D'ailleurs, voici le reste de la série, réalisée par Margaux Pastor, photographe, et militante féministe elle aussi 

 
(coucou les poils d'aisselle ;) )
 
(coucou les seins creusés quand je me penche :) )

Pour tous les selfies et photos pas que je trouvais disgracieux et que je me suis hâtée de faire disparaître pour ne garder que ceux qui me "mettaient en valeur" (vis-à-vis de la sacro-sainte norme aka le male gaze *vomit*), pour toutes ces fois où j'ai voulu m'effacer en détruisant ces images que je qualifiais moi-même de "dégueulasse" (ouais ouais, on en dit des trucs affreux à son reflet dans le miroir parfois, n'est-ce pas ?), pour toutes les fois ou j'ai tiré sur mes fringues afin d'atténuer un décolleté ou allonger une jupe pour les autres... j'ai voulu faire honneur à ces clichés, qui m'ont bousculée comme j'en avais bien besoin et qui pourtant ont bien failli subir le même traitement d'invisibilisation. Je me demande aussi pardon, en quelque sorte, en faisant ça, et c'est une sensation des plus apaisantes.

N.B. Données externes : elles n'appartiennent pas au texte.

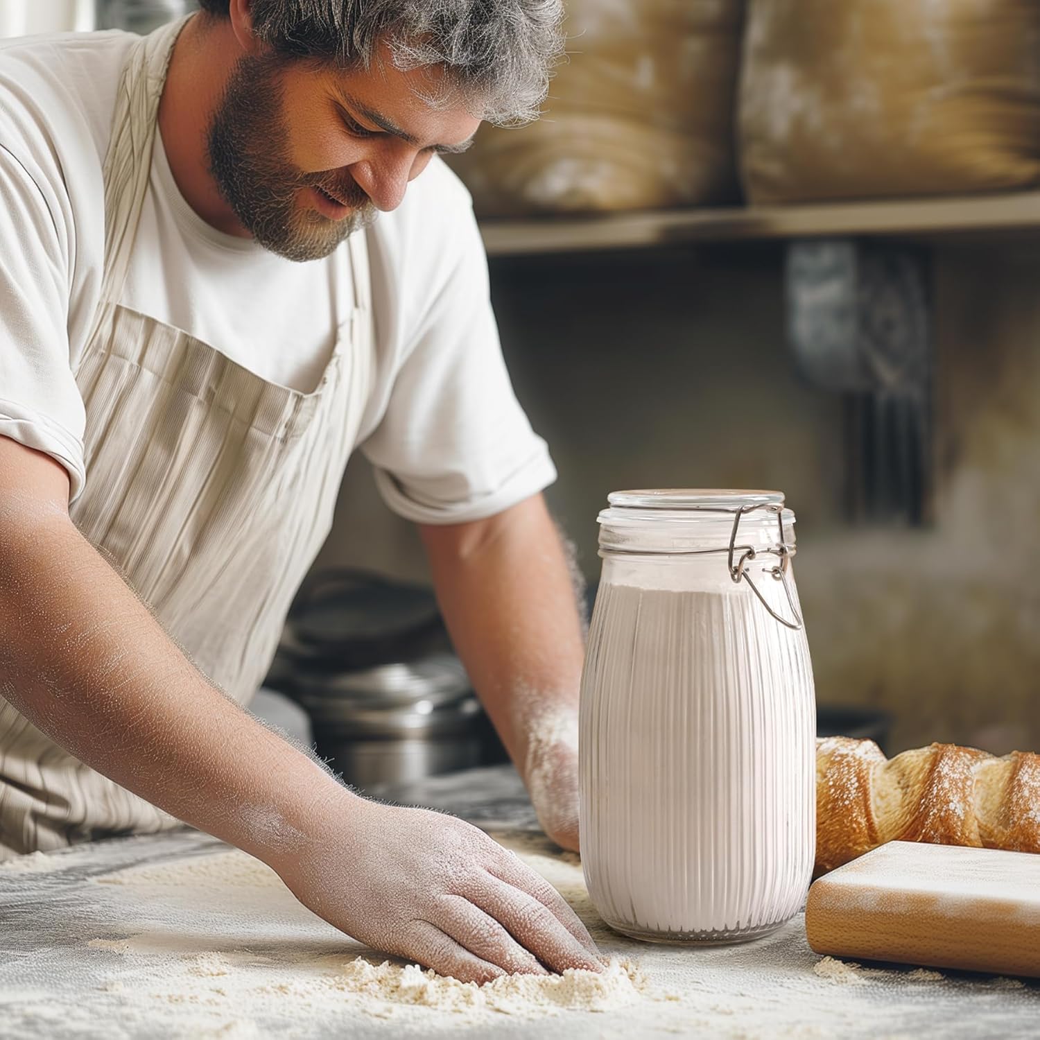 • Versatile Glass Container: The flour sugar storage containers can be a pickling jars for home and kitchen; It is good to preserve various food like jams, chutneys, flour, cereal, sugar, spices, nuts, tea, dried beans and your favourite snacks like biscuits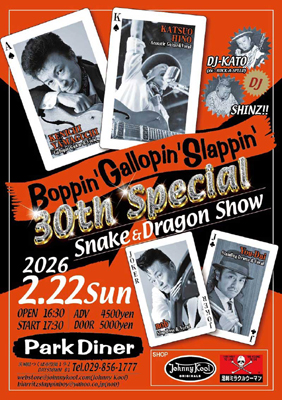 2026年 2月22日(日) BOPPIN' GALLOPIN' SLAPPIN' 30TH SPECIAL / SNAKE & DRAGON SHOW 【BAND】 スネーク&ドラゴン・ショー KATSUO HINO KENICHI YAMAGUCHI nob You-Dai 【DJ】 DJ-KATO (ex. ROCK-A-SPEED) SHINZ!! 【SHOP】 JOHNNY KOOL 足利ミラクルウーマン 参加させて頂きます!! OPEN 16:30 / START 17:30 前売¥4,500 当日¥5,000 【TICKET INFO】 slapbass.nob@gmall.com ※人数 代表者名必須 JOHNNY KOOL ※氏名、人数必須 足利ミラクルウーマン 0284-41-6647 ashimira@little-don.com チケット予約受付中!!! 会場 Park Diner 茨城県つくば市竹園1-9-2 DAYSTOWN B1 029-856-1777 |

Bref, je crois avoir fait le tour de ce que je voulais dire. Je suis heureuse de faire ce post ce soir et j'espère que ce sera le début d'une longue série de collaborations (ouais, dès fois, je pose) et de photos que je pourrais partager, estampillées de messages body positive, doux et insolents. Je me sens à la fois à mon plus vulnérable, et à mon plus fort. Mais surtout, libérée (délivrééééée) d'un poids phénoménal, celui de n'avoir pas cédé au doute, à la peur.


Si je peux surmonter un passé d'anorexie, de haine de moi-même, une collection sans cesse croissante de remarques désobligeantes sur mon physique et ainsi que des relations familiales toxiques par rapport à mon corps, et malgré tout poster fièrement une photo de mes bourreletzététons sur internet, sans regrets... n'importe qui peut se réconcilier avec iel-même. Il faut juste accepter de se donner une chance. S'exposer ou non, ensuite ça relève d'un choix, mais il n'y en pas un qui soit plus valide que l'autre.

Je vous embrasse, et je file me sécher.